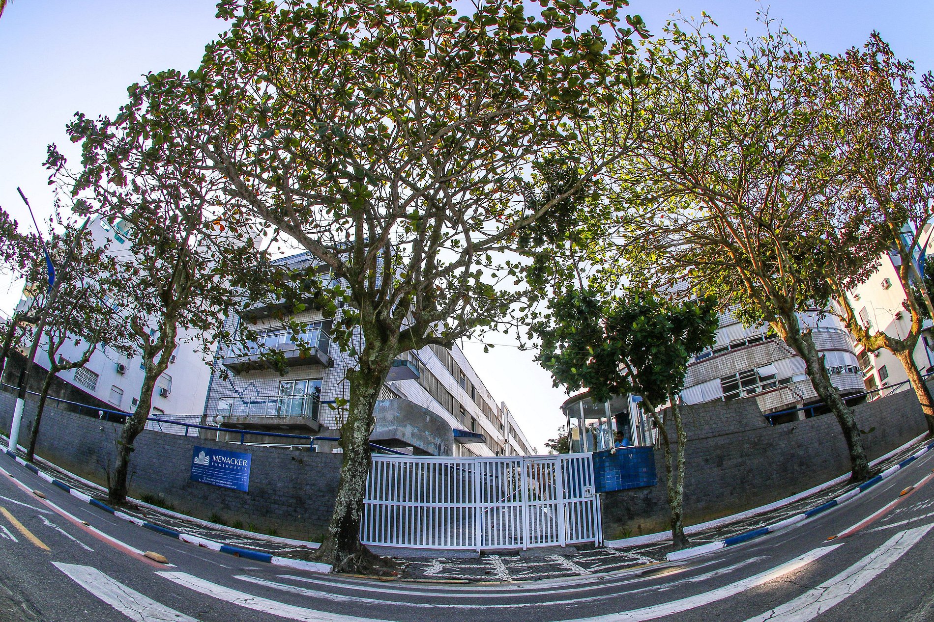 O apartamento fica em frente à praia do Tombo com acesso direto pelo portão de entrada do condomínio.
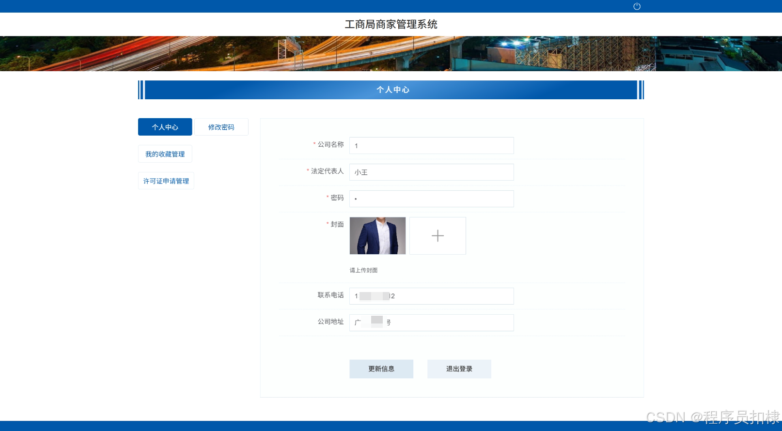 个人信息管理:商家可以更新个人详细信息,还可以对修改密码、我的收藏管理、许可证申请管理进行详细操作。
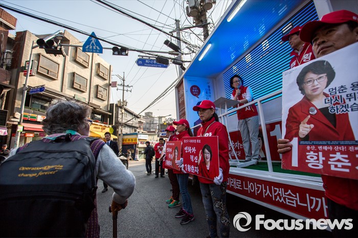 (서울=포커스뉴스) 황춘자 새누리당 용산구 후보가 5일 오후 서울 용산구 이태원동 일대에서 유세를하며 주민들에게 한 표를 호소 하고 있다.
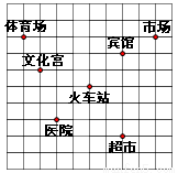 如图,已知火车站的坐标为(2,2),文化宫的坐标为(-1,3).
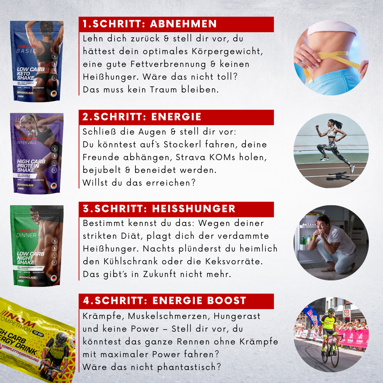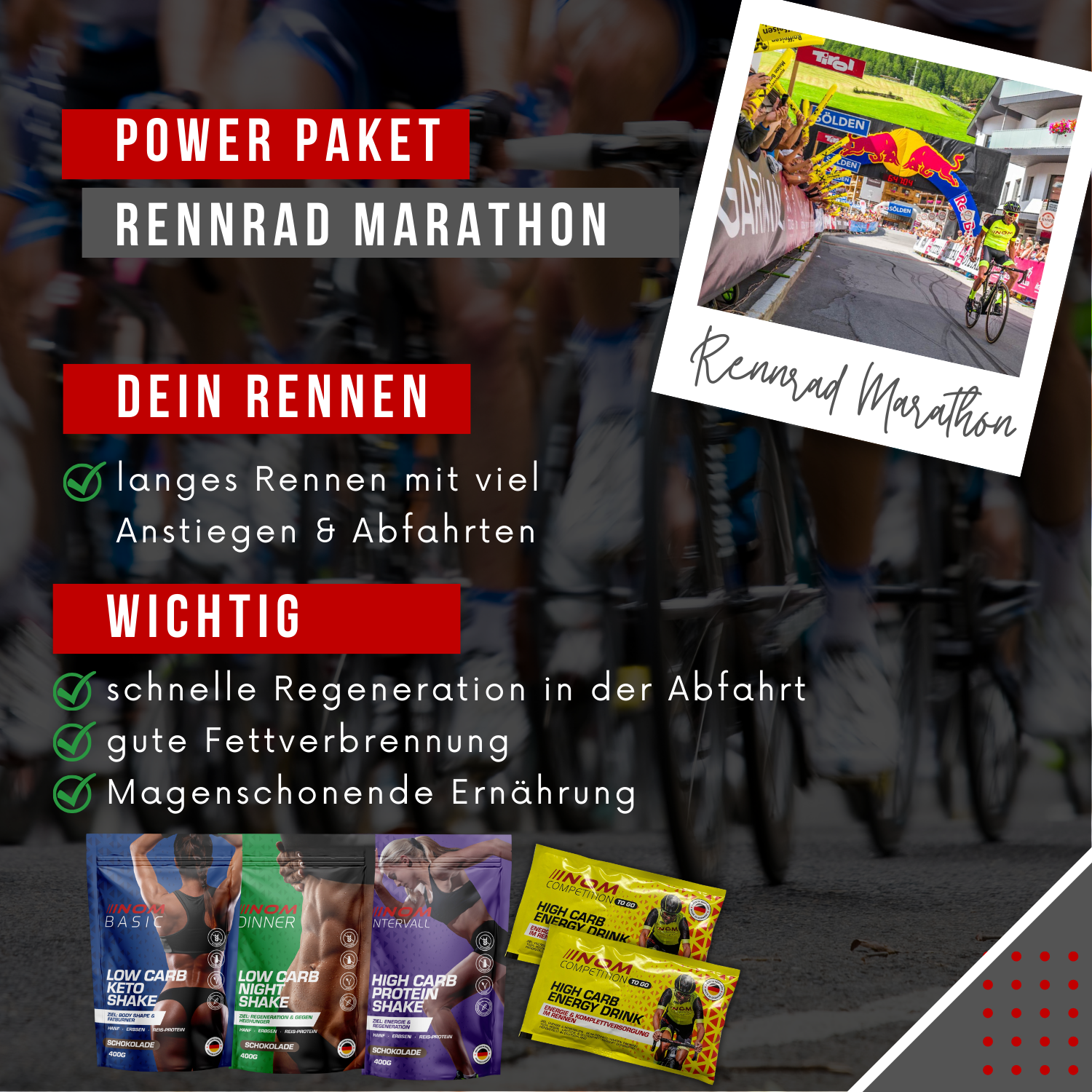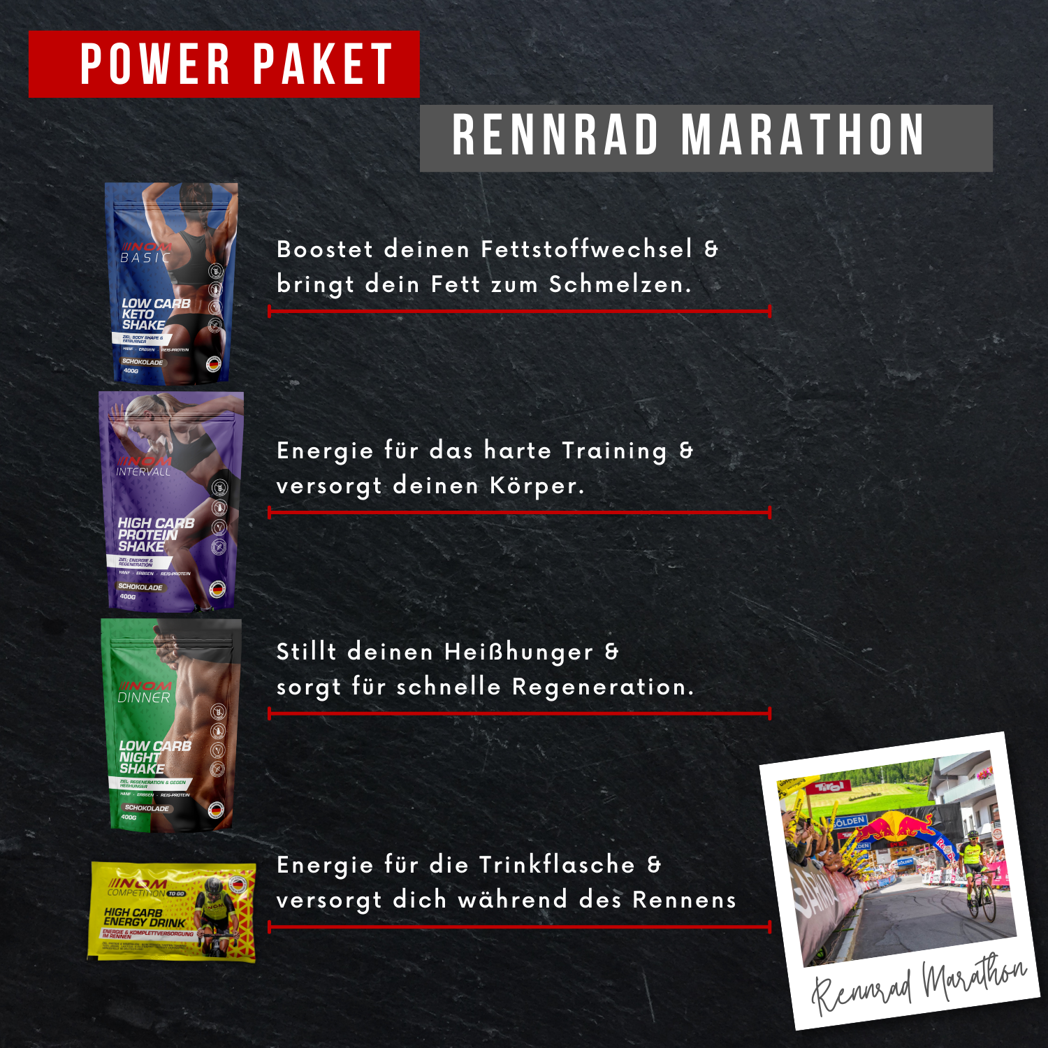 Ihr Körper ist bis zum Anschlag belastet. Dann ist es wichtig, Ihren Magen zu schonen und den Körper trotzdem mit allem Notwendigen zu versorgen. Oftmals bleibt keine Zeit, um Nahrung aufzunehmen, denn jede Sekunde zählt. Deswegen ist Flüssignahrung die einzige logische Lösung. Ideale Regenerationszeit und gestaffelte Energiefreigabe unterstützen Ihren Körper während dem Rennen.

**PROBLEM TO SOLVE**: Write out exactly and only the lines that run from the start of the data above through the line containing "如图,已知火车站的坐标为(2,2),文化宫的坐标为(-1,3).", leaving the pictures out.

**SOLUTION TO THIS TASK**:
 O apartamento fica em frente à praia do Tombo com acesso direto pelo portão de entrada do condomínio.
 个人信息管理:商家可以更新个人详细信息,还可以对修改密码、我的收藏管理、许可证申请管理进行详细操作。
 (서울=포커스뉴스) 황춘자 새누리당 용산구 후보가 5일 오후 서울 용산구 이태원동 일대에서 유세를하며 주민들에게 한 표를 호소 하고 있다.
 如图,已知火车站的坐标为(2,2),文化宫的坐标为(-1,3).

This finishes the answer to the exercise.